Lastly, as noted at the top of this doc, it is imperative to use this feature with care, especially if the order in which the files are included is critical.

For instance, if we consider the CSV ingestion file section in the full-ci.yml file (see below for code snippet), without the * wildcard, the jobs are included in the order they are listed.

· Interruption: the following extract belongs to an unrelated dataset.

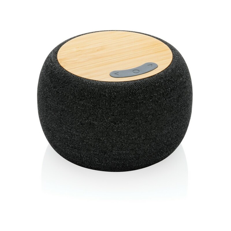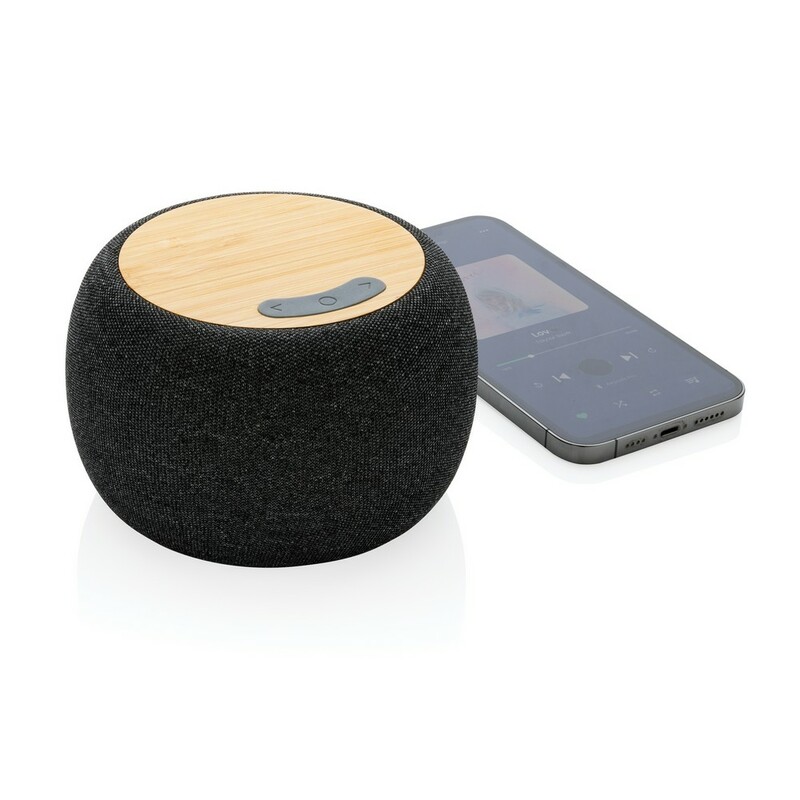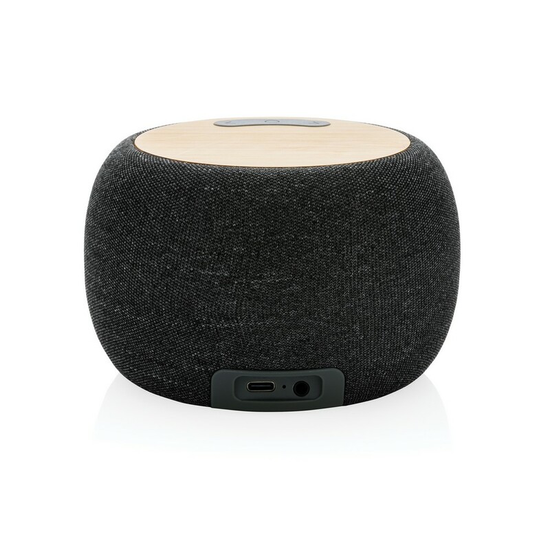 Głośnik bezprzewodowy 5W, BT 5.3, wykonany z naturalnego bambusa z certyfikatem FSC® oraz z ABS i PET z recyklingu z certyfikatem RCS, zawartość materiałów z recyklingu 51% obliczona na podstawie wagi całkowitej produktu, funkcja odbierania połączeń, wbudowany mikrofon, wbudowany akumulator o pojemności 1200 mAh umożliwia odtwarzanie muzyki do 6 godzin, kabel z TPE z recyklingu w komplecie, w kraftowym pudełku z certyfikatem FSC® mix, nie zawiera PVC, ślad węglowy produktu: 2,66 kg CO2
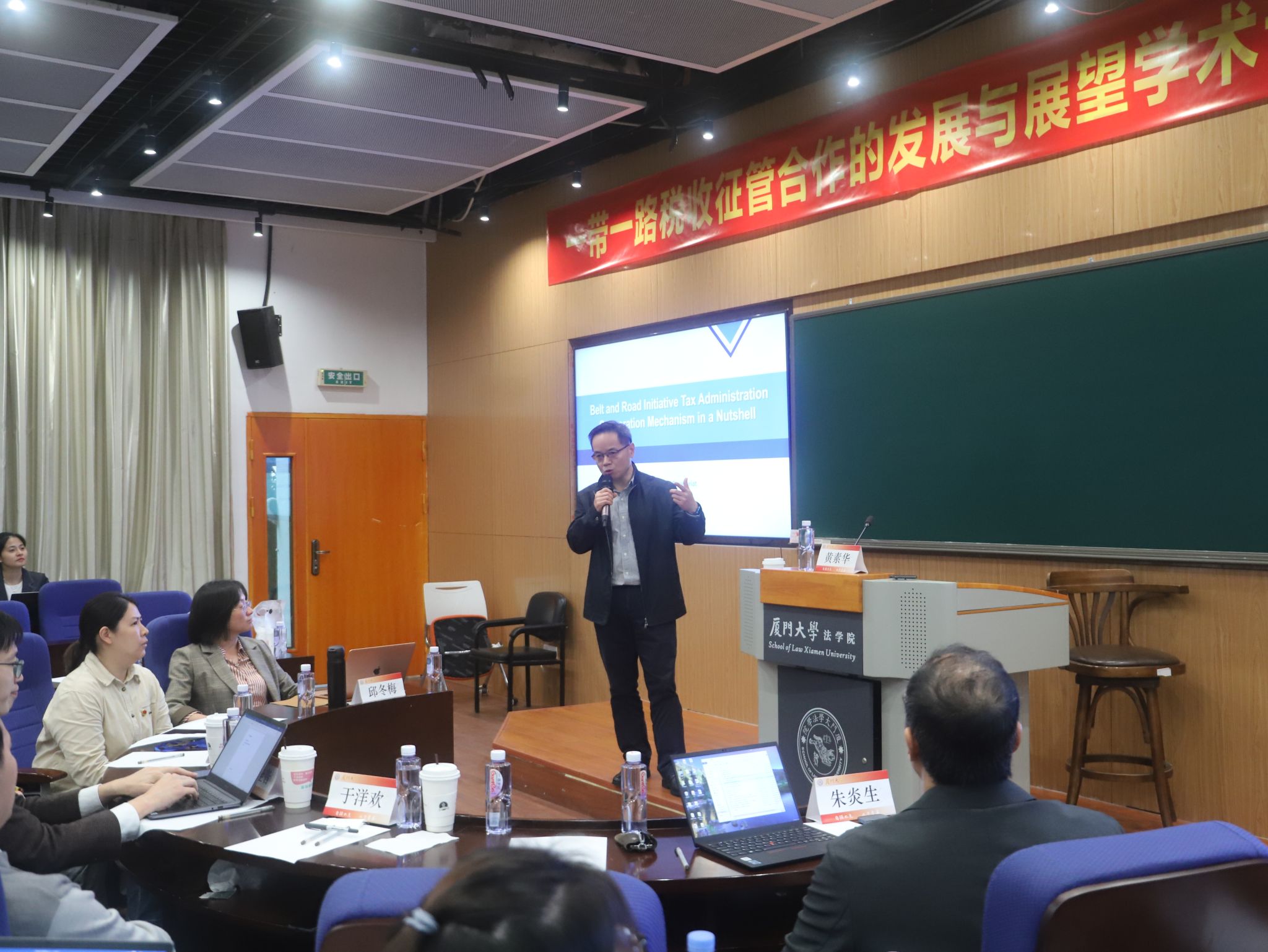 接着,岳颂从课堂学习、考察调研、实战演练、国别政策研讨四个方面介绍了学生在税务干部学院的学习情况;国际税务司国际合作处副处长郭佳音就加强项目宣传的工作方案做介绍和交流;项目主任、法学院教授朱炎生汇报了项目进展情况,并与厦门大学各部门负责人就教学管理的相关问题进行了交流与探讨。

Since job definitions are generally unique it is safe to replace them with wildcards.

full-ci.yml
include:
...
# Includes all CSV ingestion files
- '/pipelines/includes/local_includes/csv_file_ingestion_jobs/1m_row_electricity_usage.yml'
- '/pipelines/includes/local_includes/csv_file_ingestion_jobs/airline_safety.yml'
- '/pipelines/includes/local_includes/csv_file_ingestion_jobs/Caret_Delim-Enc_iso8859_15.yml'
- '/pipelines/includes/local_includes/csv_file_ingestion_jobs/Semicolon_Delim-Quote_Num.yml'
- '/pipelines/includes/local_includes/csv_file_ingestion_jobs/Tab_Delim-Quote_All.yml'
...

If you would try to wildcard include though all files from /pipelines/includes/**.*yml the behavior is undefined which variable will be used.